DATASET: Begin

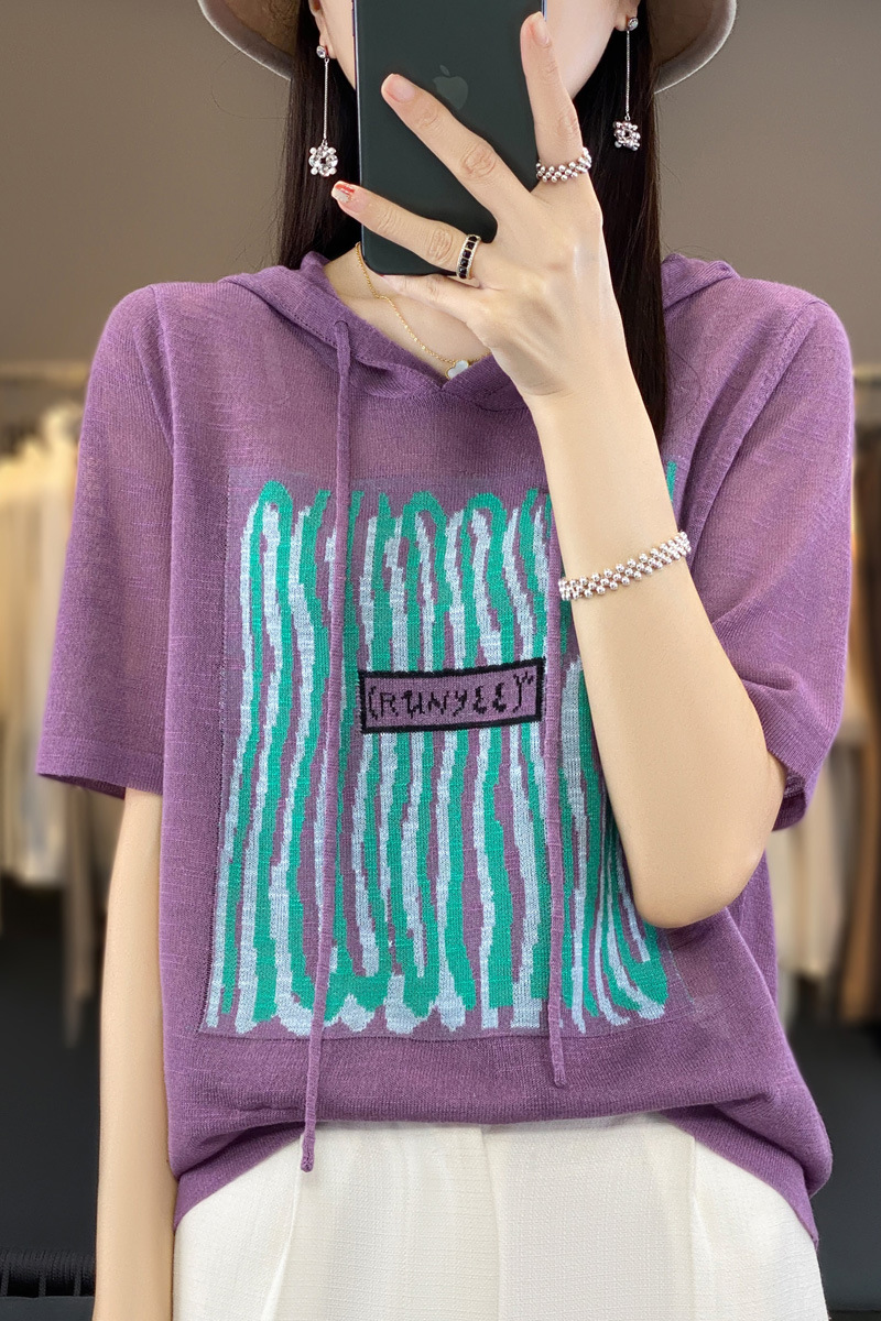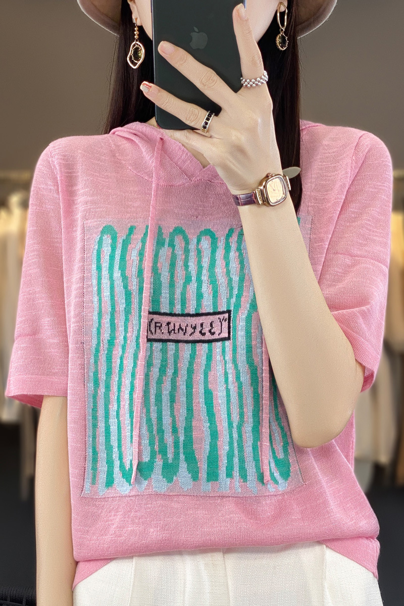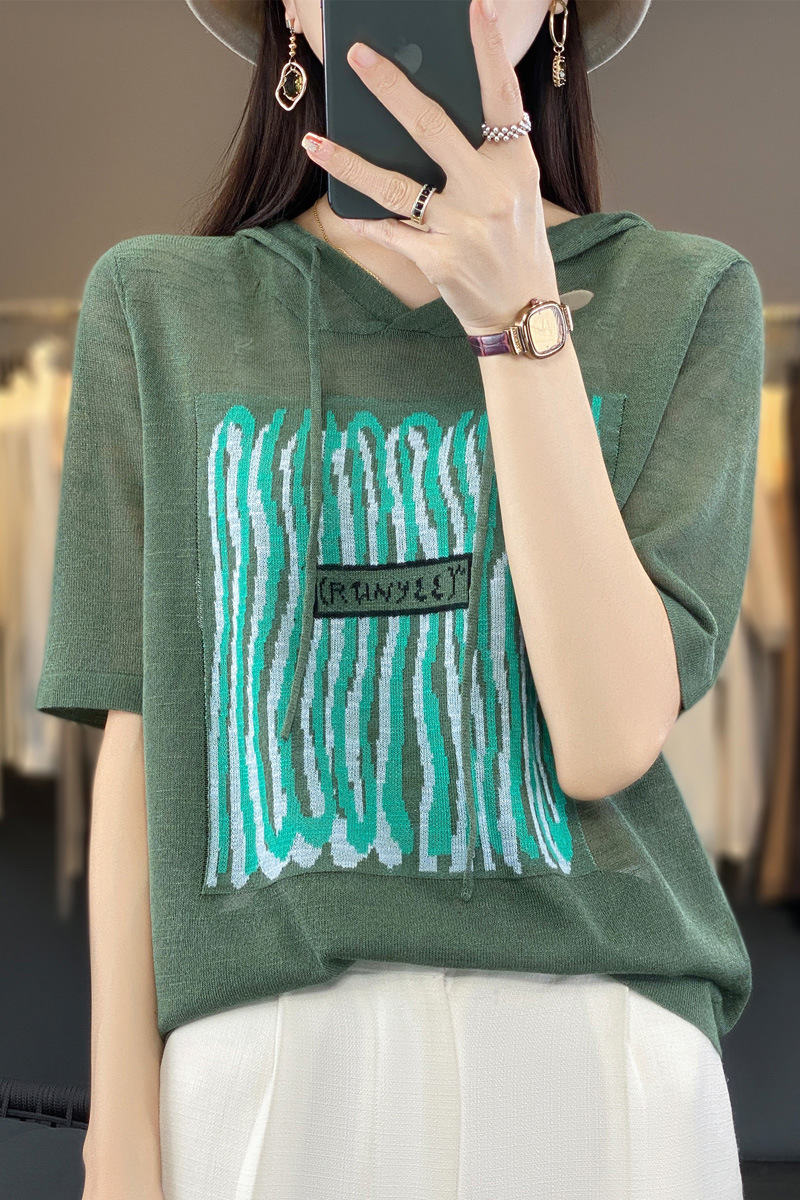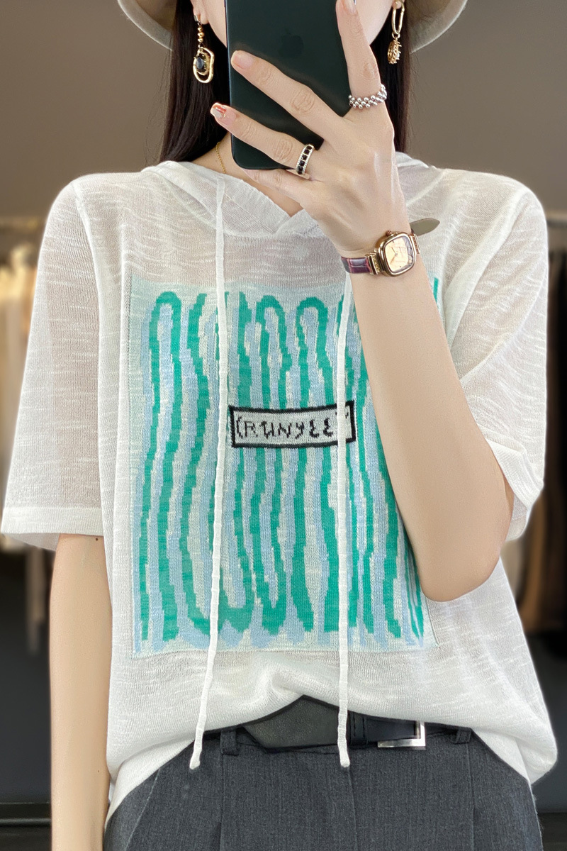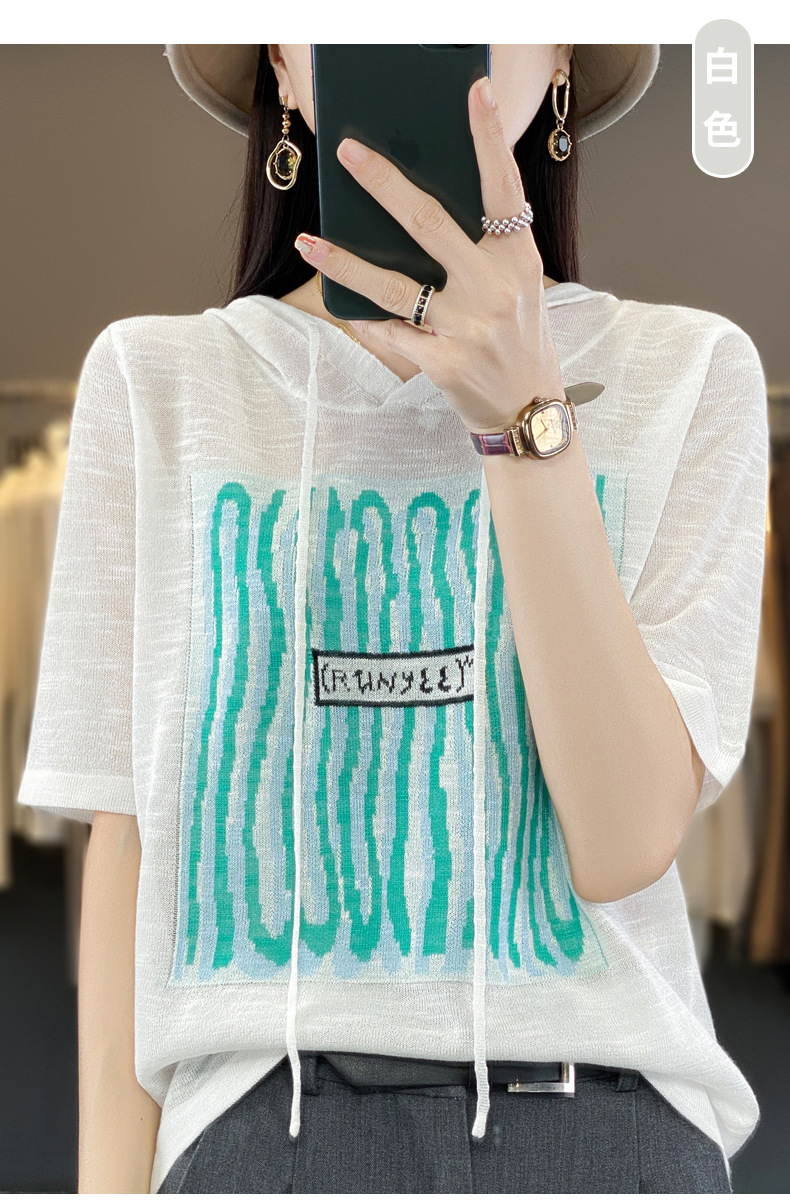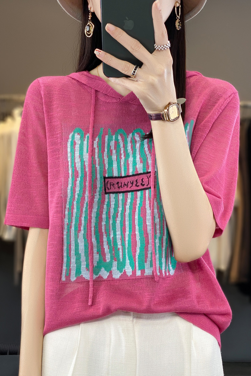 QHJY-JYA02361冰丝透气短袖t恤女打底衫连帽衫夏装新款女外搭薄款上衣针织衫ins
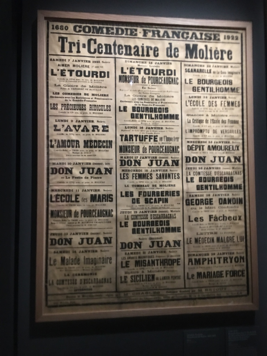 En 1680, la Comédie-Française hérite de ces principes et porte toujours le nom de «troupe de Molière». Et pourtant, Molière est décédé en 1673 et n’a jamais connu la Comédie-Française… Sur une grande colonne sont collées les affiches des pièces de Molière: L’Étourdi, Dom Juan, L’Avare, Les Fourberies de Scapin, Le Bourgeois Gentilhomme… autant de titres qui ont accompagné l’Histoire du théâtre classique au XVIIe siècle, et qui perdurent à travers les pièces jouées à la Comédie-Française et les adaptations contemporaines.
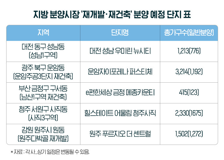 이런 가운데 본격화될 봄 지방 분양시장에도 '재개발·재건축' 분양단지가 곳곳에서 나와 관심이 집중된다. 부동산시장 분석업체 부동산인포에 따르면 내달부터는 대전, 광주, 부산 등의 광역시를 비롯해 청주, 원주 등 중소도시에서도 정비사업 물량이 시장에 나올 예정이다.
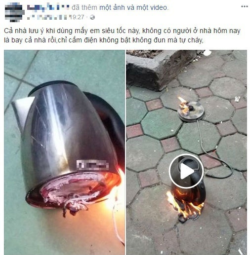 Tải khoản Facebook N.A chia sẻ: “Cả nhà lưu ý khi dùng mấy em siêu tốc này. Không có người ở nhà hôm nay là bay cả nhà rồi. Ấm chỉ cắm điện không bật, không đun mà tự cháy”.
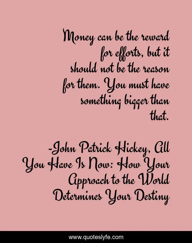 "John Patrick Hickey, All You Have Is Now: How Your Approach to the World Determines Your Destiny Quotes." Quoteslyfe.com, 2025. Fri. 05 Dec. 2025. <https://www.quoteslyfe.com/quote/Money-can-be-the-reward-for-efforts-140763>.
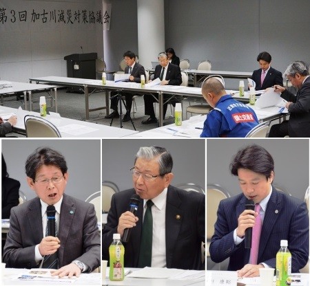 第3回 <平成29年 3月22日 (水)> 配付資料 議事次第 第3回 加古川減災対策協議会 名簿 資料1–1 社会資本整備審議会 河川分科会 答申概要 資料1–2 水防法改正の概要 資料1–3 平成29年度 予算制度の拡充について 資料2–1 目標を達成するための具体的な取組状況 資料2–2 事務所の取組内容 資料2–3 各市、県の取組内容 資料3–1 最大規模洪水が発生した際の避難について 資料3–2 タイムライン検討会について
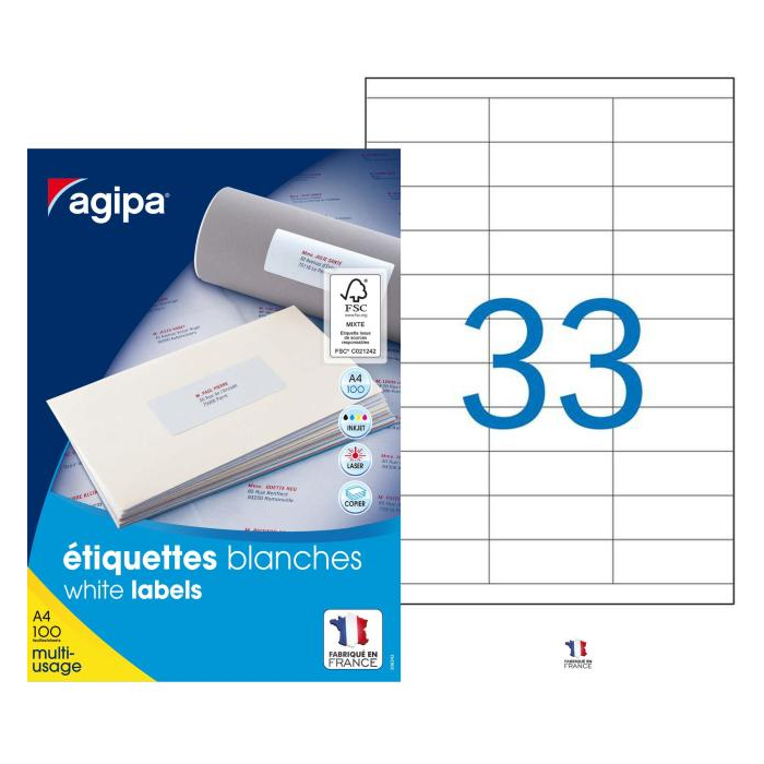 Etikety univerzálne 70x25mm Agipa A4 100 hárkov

DATASET: End

> EXERCISE
Once the pictures are set aside, write out the entries verbatim.

> TASK OUTPUT
 QHJY-JYA02361冰丝透气短袖t恤女打底衫连帽衫夏装新款女外搭薄款上衣针织衫ins
 En 1680, la Comédie-Française hérite de ces principes et porte toujours le nom de «troupe de Molière». Et pourtant, Molière est décédé en 1673 et n’a jamais connu la Comédie-Française… Sur une grande colonne sont collées les affiches des pièces de Molière: L’Étourdi, Dom Juan, L’Avare, Les Fourberies de Scapin, Le Bourgeois Gentilhomme… autant de titres qui ont accompagné l’Histoire du théâtre classique au XVIIe siècle, et qui perdurent à travers les pièces jouées à la Comédie-Française et les adaptations contemporaines.
 이런 가운데 본격화될 봄 지방 분양시장에도 '재개발·재건축' 분양단지가 곳곳에서 나와 관심이 집중된다. 부동산시장 분석업체 부동산인포에 따르면 내달부터는 대전, 광주, 부산 등의 광역시를 비롯해 청주, 원주 등 중소도시에서도 정비사업 물량이 시장에 나올 예정이다.
 Tải khoản Facebook N.A chia sẻ: “Cả nhà lưu ý khi dùng mấy em siêu tốc này. Không có người ở nhà hôm nay là bay cả nhà rồi. Ấm chỉ cắm điện không bật, không đun mà tự cháy”.
 "John Patrick Hickey, All You Have Is Now: How Your Approach to the World Determines Your Destiny Quotes." Quoteslyfe.com, 2025. Fri. 05 Dec. 2025. <https://www.quoteslyfe.com/quote/Money-can-be-the-reward-for-efforts-140763>.
 第3回 <平成29年 3月22日 (水)> 配付資料 議事次第 第3回 加古川減災対策協議会 名簿 資料1–1 社会資本整備審議会 河川分科会 答申概要 資料1–2 水防法改正の概要 資料1–3 平成29年度 予算制度の拡充について 資料2–1 目標を達成するための具体的な取組状況 資料2–2 事務所の取組内容 資料2–3 各市、県の取組内容 資料3–1 最大規模洪水が発生した際の避難について 資料3–2 タイムライン検討会について
 Etikety univerzálne 70x25mm Agipa A4 100 hárkov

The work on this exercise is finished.